No one assaulted them. No one seemed very interested in them at all; the reaching of the hands was more a reflex action than anything else. Tropism they called it, at least the botanists did, the vegetative turning of flora to and away from light, depending upon the season, and these people, he thought, had no more minds than plants had. Still, they were terribly important; in their name murders had been committed, vast shifting flux, the rising of castles, all of this had come in the name of the people even though these people, in no true sense, could be said to exist.

Enough. He had a job to do; he was not a social revolutionary. Even if he had been, where would you begin? Where would you try to make these people right? Even if you could cleanse all drugs out of the vein of the United States, New York City would still look like an occupied zone toward the end of wartime. It would take fifty years to make any changes even if the root causes themselves were instantly removed; most of these people would have to die off before anything could be done. The sickness bit too deep. Everything did after a while; the answer was not politics.
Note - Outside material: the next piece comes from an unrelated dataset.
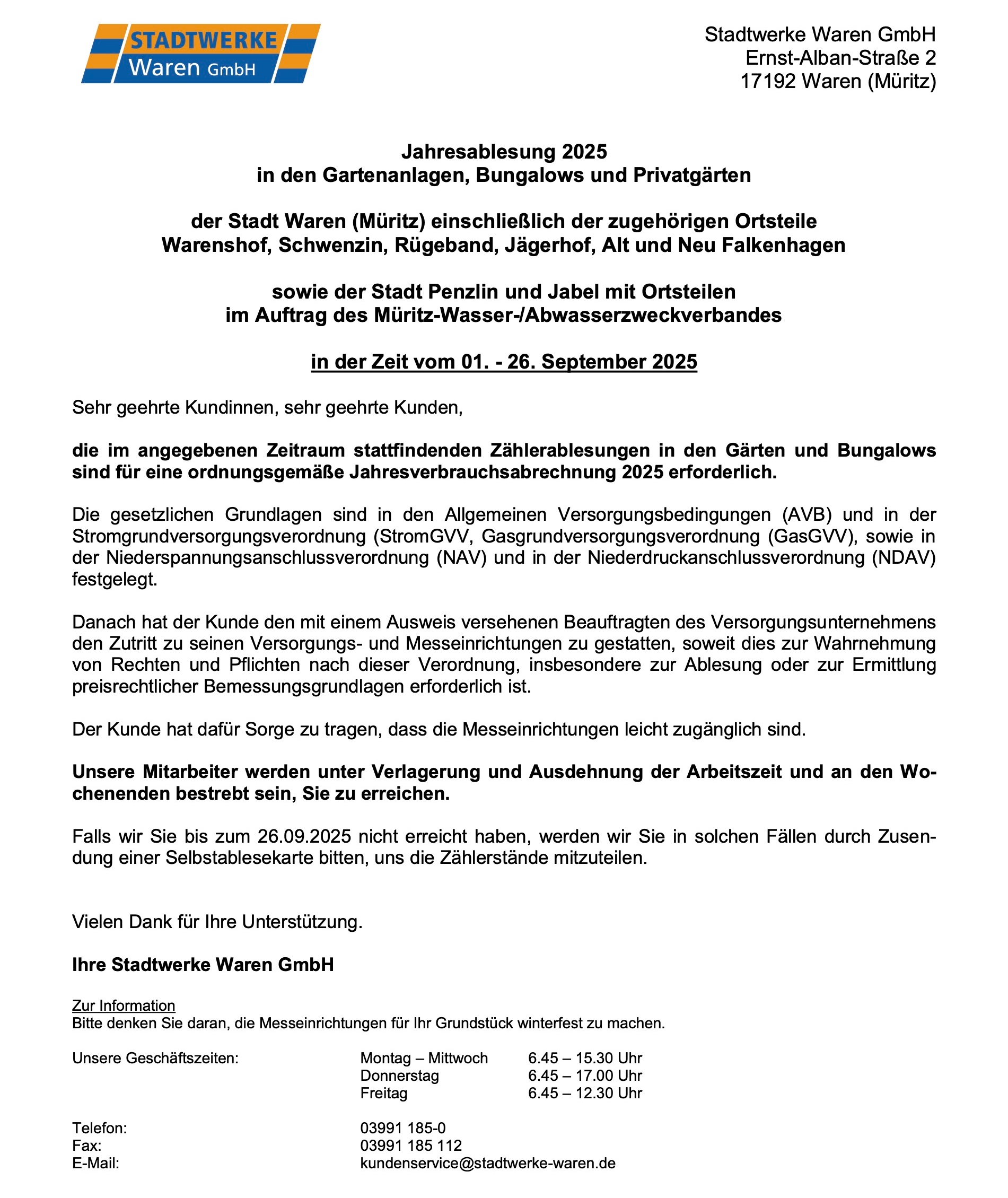 Die Jahresablesung in den Gärten steht wieder an. Und zwar in Waren und den Ortsteilen sowie in Penzlin und Jabel mit Ortsteilen:

They went into Stevens’s hotel. It was a hotel only by Havana standards Wulff supposed; it was a crumbling, rotting three-story hulk on a street even more depressed and rancid than those through which they had walked. There was no clerk sitting on the bottom level, only a lobby in which in various attitudes of despair or catatonia a scattering of men sat, staring at the walls, a few of them singing to themselves in aimless little voices. “It’s not much,” Stevens whispered, “but it’s home,” and they went up a winding flight of stairs, beating at insects for purchase on the landings, up one more flight and down the hall into a small, dirty room in which there was a bed, a chair, a bulb dangling from ceiling wire and an old-fashioned telephone propped next to the bed which Stevens pointed to with a flourish. “All of the conveniences,” he said, “the phone is particularly important; that’s how I get my assignments.” He locked the door on an unsafe, insecure bolt, kicked it and walked back toward the windowsill where the bottles stood like little dishevelled troops, removed a gin bottle. “You want a drink?” he said.